* _The data_
[Start of Attachment]

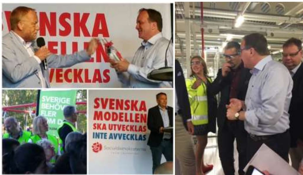
Stefan Löfven på Scania och Böda Sand

4 juli, Stefan Löfven till Oskarshamn och Böda Sand. Från en ö till en annan på Almedalsveckan, vilket var ett lyckat besök. Solen strålade och det gjorde även Statsministern. Besök på Scania, färjan till Öland och öppet möte på Böda Sands camping.
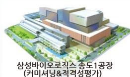
삼성바이오로직스 송도1공장 (커미서닝&적격성평가)
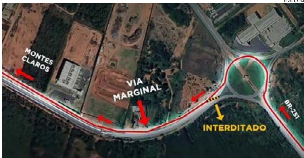
A concessionária que administra a BR-135, inicia hoje (30), a primeira etapa de recapeamento do trecho leste do Anel Viário de Montes Claros. A obra de mobilidade urbana iniciará pelo do segmento C, que consiste na restauração e adequação de 9,64 quilômetros de trecho já existente da interligação entre a BR-251 ao Batalhão do Exército.
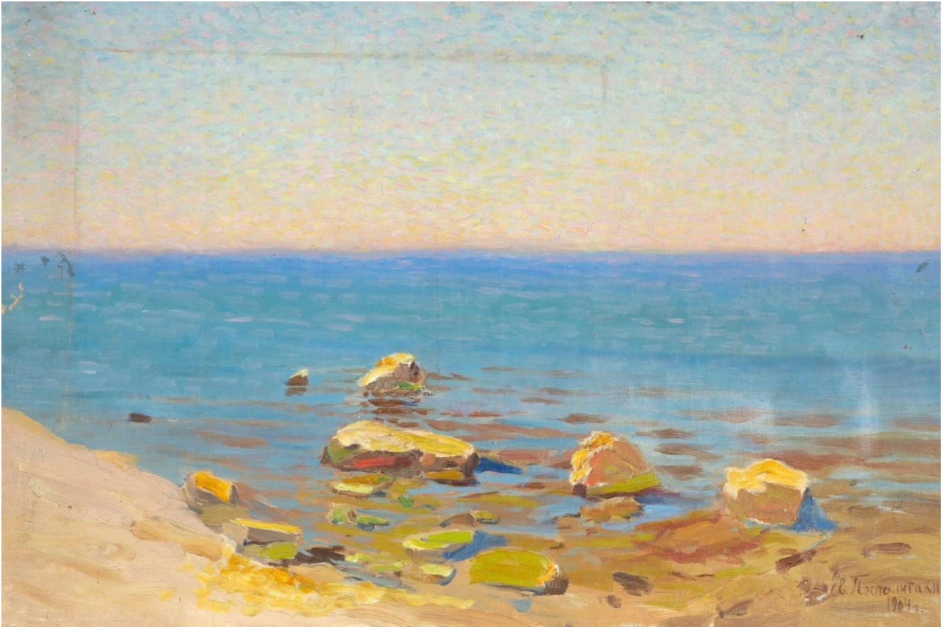
Bord de mer aux rochers, 1904
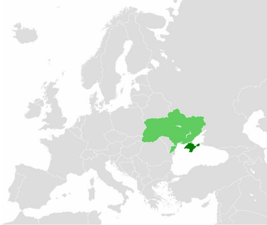
Harita 24: Kırım Özerk Cumhuriyeti Haritası
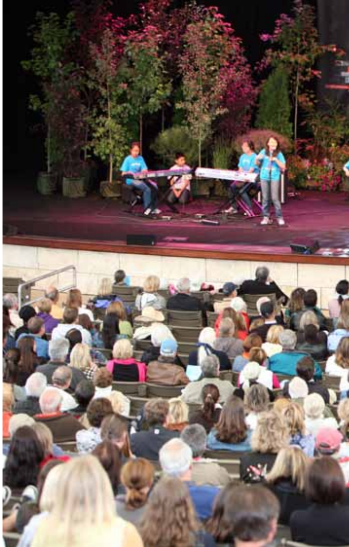
ระเบิดเพลงร็อก "Runaway" ในงาน Sun Valley Writers' Conference ที่โอดาโฮ ปี 2010
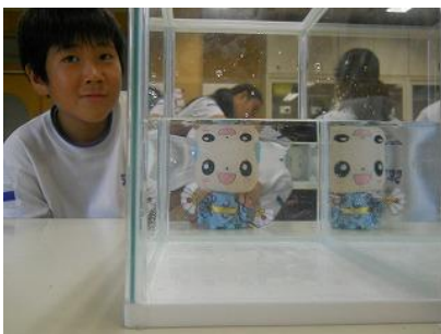
科学の時間 蜃気楼について
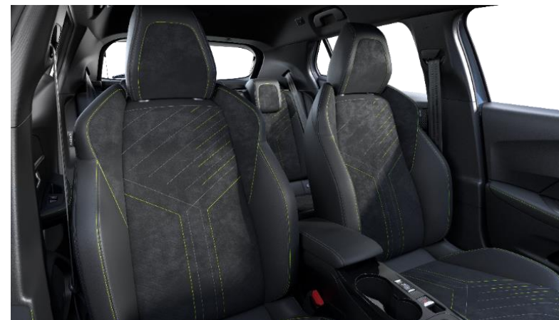
Alcantara® / Kunstleder
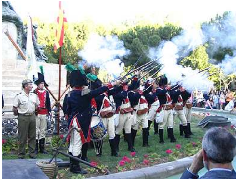
Para la salva de honor. Fin del homenaje.
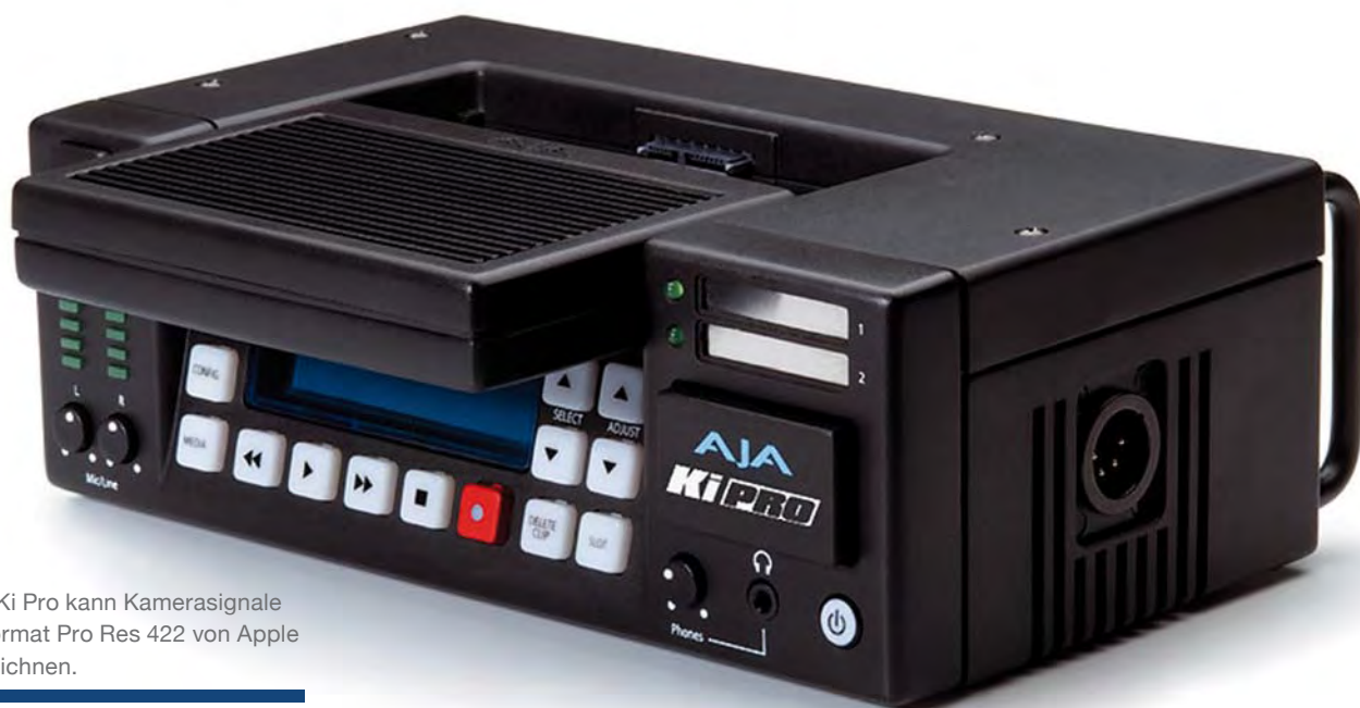
Ajas Ki Pro kann Kamerasignale im Format Pro Res 422 von Apple aufzeichnen.

nehmen. Hierbei verwendet der Hersteller das eigene Kompressionsverfahren Redcode Raw. Dabei werden die Rohdaten des Bildsensors unter Einsatz eines Wavelet-Verfahrens mit variabler Bitrate komprimiert (ähnlich JPEG2000). Die maximale Datenrate kann dabei auf 224 Mbps oder auf 288 Mbps festgelegt werden, was einer Kompression von 12:1 und 9:1 entspricht, wenn man die Rohdatenrate zugrunde legt, die der Sensor abgibt. Aufgezeichnet werden dabei komprimierte Rohdaten, also keine RGB- oder Videosignale
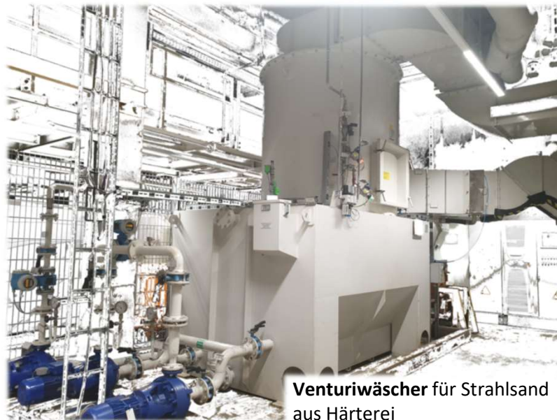
Venturiwäscher für Strahlsand aus Härtereie
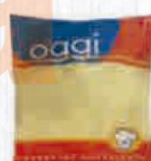
OGGI QUESO RALLADO HILO GRATINAR BOLSA 1,5 KG. Cod: 2486
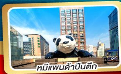
หมีแพนด้าปิ่นดึก
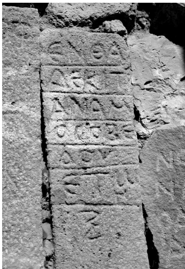
Fig. 5. Inscription 2 (stèle 2)

Traduction : « Ici repose Anamos fils d'Obedos, âgé de soixante ans. »
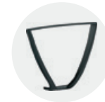
Fix arm Brazo fijo
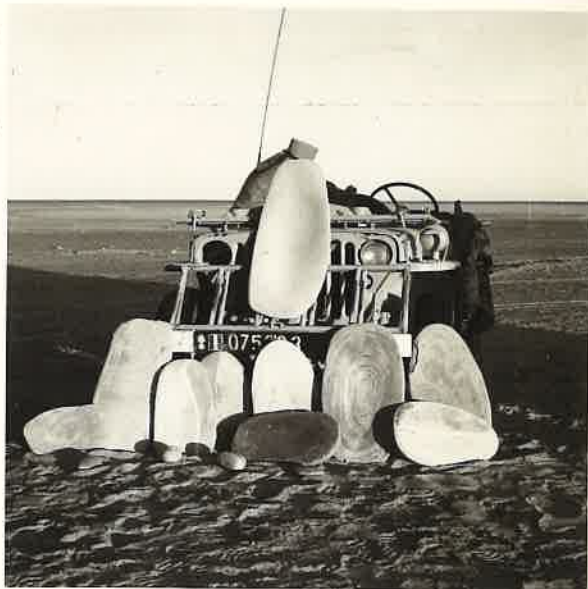
N° 14.- Mission ORYX.

Quelques beaux spécimens de meules de l'époque néolithique.
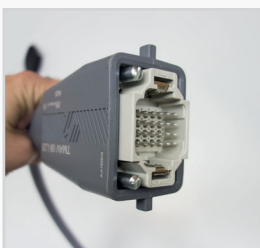
Installation facilitée grâce à un système de connecteurs
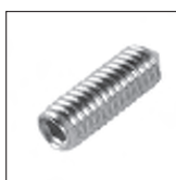
DIN 914 Made Iseka mit Spitze
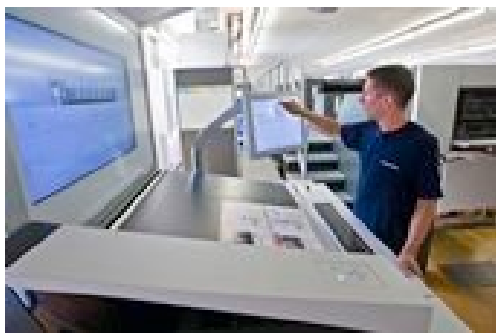
Петцветната Speedmaster SM 74 в печатница Wetterauer е оборудвана с Prinect Axis Control

Неотдавна печатница Wetterauer във Фридберг получи грамота за първата инсталирана в Германия климатично неутрална печатна машина. Петцветната Speedmaster SM 74 с модул за лакиране на Heidelberg Druckmaschinen AG (Heidelberg) бе инсталирана през пролетта на текущата година. Излъчените при изработването на печатната машина емисии бяха точно определени и компенсирани. При това са отчетени всички релевантни параметри – от добива на суровините, подготовката на материалите и до изработването на машината, пробната фаза и транспорта до печатницата. Новата Speedmaster SM 74 печата с намален разход на IPA (изопропилалкохол), което е добре за природната среда, за здравето на работещите и осигурява чистота на въздуха в печатния цех. Освен това печатната машина е оборудвана със стандартната система за измерване и регулиране Prinect Axis Control, която измерва цветовете стойности по печатна контролна лента и след това регулира цвета online. По този начин се намалява макулатурата, което е сериозна възможност за производство с икономия на ресурси.
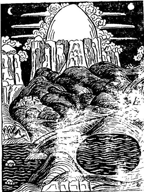
Гора Кайласа на Тибетской танке.

тилицем космической силы и называют священной горой.
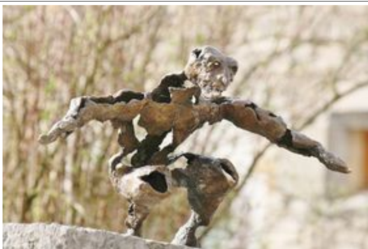
L 55 x h 35 x P 30
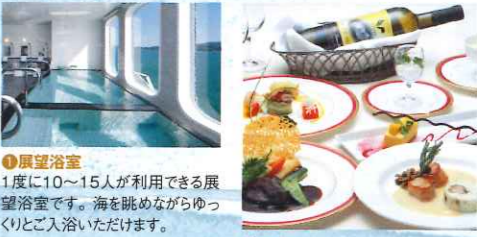
●展望浴室 1度に10~15人が利用できる展望浴室です。海を眺めながらゆっくりとご入浴いただけます。
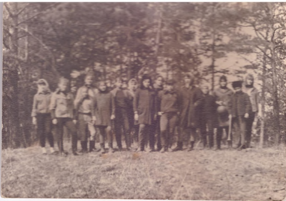
Во время соревнований. 1969 г. (примерно)
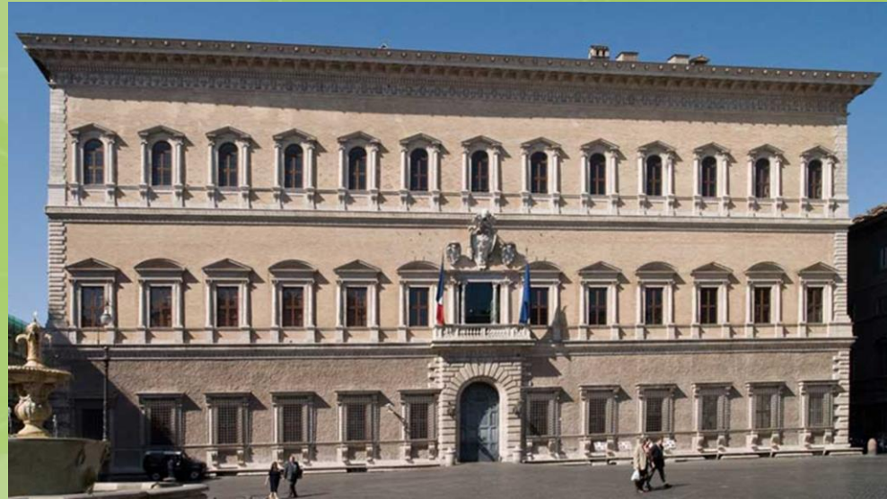
MIGUEL ÁNGEL y ANTONIO DA SANGALLO Palacio Farnese, Roma

[End of Attachment]

Apart from the images, every line above is to be given again exactly.

* _Your solution_
Stefan Löfven på Scania och Böda Sand

4 juli, Stefan Löfven till Oskarshamn och Böda Sand. Från en ö till en annan på Almedalsveckan, vilket var ett lyckat besök. Solen strålade och det gjorde även Statsministern. Besök på Scania, färjan till Öland och öppet möte på Böda Sands camping.
삼성바이오로직스 송도1공장 (커미서닝&적격성평가)
A concessionária que administra a BR-135, inicia hoje (30), a primeira etapa de recapeamento do trecho leste do Anel Viário de Montes Claros. A obra de mobilidade urbana iniciará pelo do segmento C, que consiste na restauração e adequação de 9,64 quilômetros de trecho já existente da interligação entre a BR-251 ao Batalhão do Exército.
Bord de mer aux rochers, 1904
Harita 24: Kırım Özerk Cumhuriyeti Haritası
ระเบิดเพลงร็อก "Runaway" ในงาน Sun Valley Writers' Conference ที่โอดาโฮ ปี 2010
科学の時間 蜃気楼について
Alcantara® / Kunstleder
Para la salva de honor. Fin del homenaje.
Ajas Ki Pro kann Kamerasignale im Format Pro Res 422 von Apple aufzeichnen.

nehmen. Hierbei verwendet der Hersteller das eigene Kompressionsverfahren Redcode Raw. Dabei werden die Rohdaten des Bildsensors unter Einsatz eines Wavelet-Verfahrens mit variabler Bitrate komprimiert (ähnlich JPEG2000). Die maximale Datenrate kann dabei auf 224 Mbps oder auf 288 Mbps festgelegt werden, was einer Kompression von 12:1 und 9:1 entspricht, wenn man die Rohdatenrate zugrunde legt, die der Sensor abgibt. Aufgezeichnet werden dabei komprimierte Rohdaten, also keine RGB- oder Videosignale
Venturiwäscher für Strahlsand aus Härtereie
OGGI QUESO RALLADO HILO GRATINAR BOLSA 1,5 KG. Cod: 2486
หมีแพนด้าปิ่นดึก
Fig. 5. Inscription 2 (stèle 2)

Traduction : « Ici repose Anamos fils d'Obedos, âgé de soixante ans. »
Fix arm Brazo fijo
N° 14.- Mission ORYX.

Quelques beaux spécimens de meules de l'époque néolithique.
Installation facilitée grâce à un système de connecteurs
DIN 914 Made Iseka mit Spitze
Петцветната Speedmaster SM 74 в печатница Wetterauer е оборудвана с Prinect Axis Control

Неотдавна печатница Wetterauer във Фридберг получи грамота за първата инсталирана в Германия климатично неутрална печатна машина. Петцветната Speedmaster SM 74 с модул за лакиране на Heidelberg Druckmaschinen AG (Heidelberg) бе инсталирана през пролетта на текущата година. Излъчените при изработването на печатната машина емисии бяха точно определени и компенсирани. При това са отчетени всички релевантни параметри – от добива на суровините, подготовката на материалите и до изработването на машината, пробната фаза и транспорта до печатницата. Новата Speedmaster SM 74 печата с намален разход на IPA (изопропилалкохол), което е добре за природната среда, за здравето на работещите и осигурява чистота на въздуха в печатния цех. Освен това печатната машина е оборудвана със стандартната система за измерване и регулиране Prinect Axis Control, която измерва цветовете стойности по печатна контролна лента и след това регулира цвета online. По този начин се намалява макулатурата, което е сериозна възможност за производство с икономия на ресурси.
Гора Кайласа на Тибетской танке.

тилицем космической силы и называют священной горой.
L 55 x h 35 x P 30
●展望浴室 1度に10~15人が利用できる展望浴室です。海を眺めながらゆっくりとご入浴いただけます。
Во время соревнований. 1969 г. (примерно)
MIGUEL ÁNGEL y ANTONIO DA SANGALLO Palacio Farnese, Roma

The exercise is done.